The performance was driven by the strength of the US Dollar, with the Currencies book (+132bps) and the China Thesis book (+75bps) being strong contributors.  The decision by the ECB to start their version of a QE programme, helped continue the Euro’s weakening trend which was a strong beneficiary for the Currencies book (EUO position added 190bps).  During the month, it became widely-expected that the Royal Bank of Australia would join those countries easing monetary policy (it cut rates at the start of February), and this helped the Australian Dollar weaken during January (OM’s position in CROC, S Australian Dollars, helped add 90bps to the China Thesis book).

The fall in the Equity markets was directly reflected in the Technical Book (-70bps), though less so in the Equities book (+31bps).  The Equities book saw numerous cross currents that eventually lead to that small positive performance, with the Energy names (-18bps) and the position in THeravance (-73bps, after concerns on the speed of the ramp of its products by GSK).  Against these, there was a strong perofrmance from Tata Motors (TTM +67bps) as the sales at Land Rover and Jaguar continue to do well, and from the Internet names (+46bps) though this largely reflected VIPS recovering its December decline.

The largest detractor was the International book (-125bps), which was substantially all from the position in Greece (GREK) that declined as it became clear (and then reality) that the opposition (and anti-austerity) Syriza party were on course for victory in the election, which has led to further discussion/debate/speculation about Greece’s place in the Euro and the various ECB/IMF loans and promgrammes.  .   In many ways the Argentina and Greece positions bear great similarity; they’re sized about the same (4-5% of capital, each), are inherently volatile and moved by sentiment/politics in the short-term (and thus in any given month are likely to be noticable positve or negative contributors).  They also both reflect a combination of (i) extreme undervaluation (when looking at long-term measures, such as CAPE), (ii) time arbitrage (things are not as dark as they seem today, and the further we progress the clearer this will become…especially after point 3) and (iii) a catalytic event.  For Argentina, the event is the election of a new President later this year and the changes that are likely to follow thereafter, and for Greece the events were (i) the original bailout back in 2010 and (ii) the recent election, which will more substantially determine Greece’s debtloads, austerity, and position within the Euro.  As such, don’t expect Our Man to be overly swayed by large short-term moves in either direction from these positions – they’re sized such that the portfolio can withstand these moves, with the hope of returning multiples on the employed capital on a 3-4year view.
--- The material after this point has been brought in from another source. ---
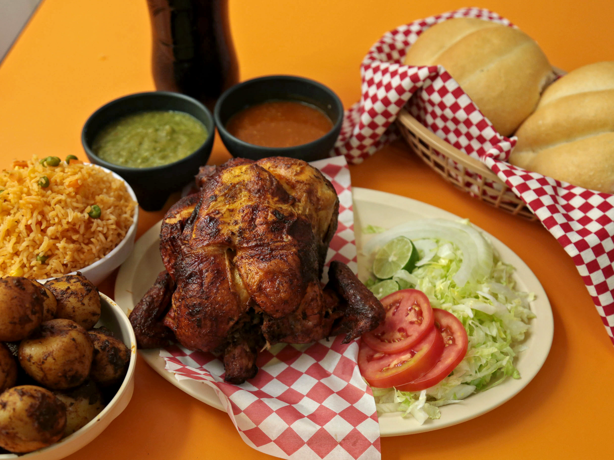 2 pollos rostizados grandes, 4 salsas a elegir, 4 bolillos, 2 ensaladas,1 litro de arroz, medio litro de mole poblano y 1 refresco de 1.5 lts.

Elsewhere there were small impacts from the Absolute/Bond Funds (+5bps), Puts/Hedges (-3bps), Precious Metals (+4bps) and Energy Efficiency (+1bp) books.

Portfolio (as at 1/31 - all delta and leverage adjusted, as appropriate) 
22.4% - Technical Book (DDM, QLD and SSO)
20.1% - Equities (EOX, GPOR, RDY, TBPH, THRX, TTM, TWTR & VIPS) 
9.9% - International/Country (GREK, GVAL, and Argentinian names)
3.6% - Precious Metals (GDX)
0.1% - Energy Efficiency (AXPW, and XIDE) 
 

-17.8% - China-Related Thesis (CROC – Short Australian Dollar, partially offset by CAF – Long Chinese A-Shares) 

-45.0% - Currencies (EUO – Short Euro, YCS – Short Japanese Yen)

17.7% - Cash 

Disclaimer:  For added clarity, Our Man is invested in all of the securities mentioned.  He also holds some cash and a few other securities (of negligible value).  You should not buy any of these securities because Our Man has mentioned them, but should do your own work and decide what’s best for you.

Sunday, January 11

December 2014 Review

Portfolio Update  
- Technical:  Our Man bit the bullet and re-entered the Technical positions (in DDM, QLD and SSO) during the month.  The false sell signal ended up meaning that with the exit and re-entry, Our Man missed out on part of the gains available in the technical book though on the positive side, he’s not expecting another sell signal for a bit even if there’s higher volatility in the markets.
- International: As mentioned in his recent post, Our Man added a position in Argentina given his expected/anticipated changes there.  Unfortunately, the ETF (ARGT) doesn’t really offer the exposure that OM is after, so he’s chosen to create it through some individual stocks (PAM, PZE and BMA).

Performance Review
The portfolio ended the month -1.09%, which left it at +4.9% YTD, both of which proved disappointing.

The main negative drivers were the Equities (-208bps) and International (-110bps) books.  The International book’s loss was driven by the position in Greece, where political uncertainty continued to ramp up leading to renewed fears of an exit (Grexit) from the Euro.  The losses in the Equity book were more broadly spread, driven by the positions in India (-85bps combined, RDY and TTM), EOX (-29bps, as Energy continued to suffer) and the Internet names (-69bps, as VIPS saw profit-taking and TWTR fell during the month).  There were small losses in the Absolute/Bond Funds (-1bp), Puts/Hedges (-2bps), Technical (-12bps) and Energy Efficiency (-4bps) books.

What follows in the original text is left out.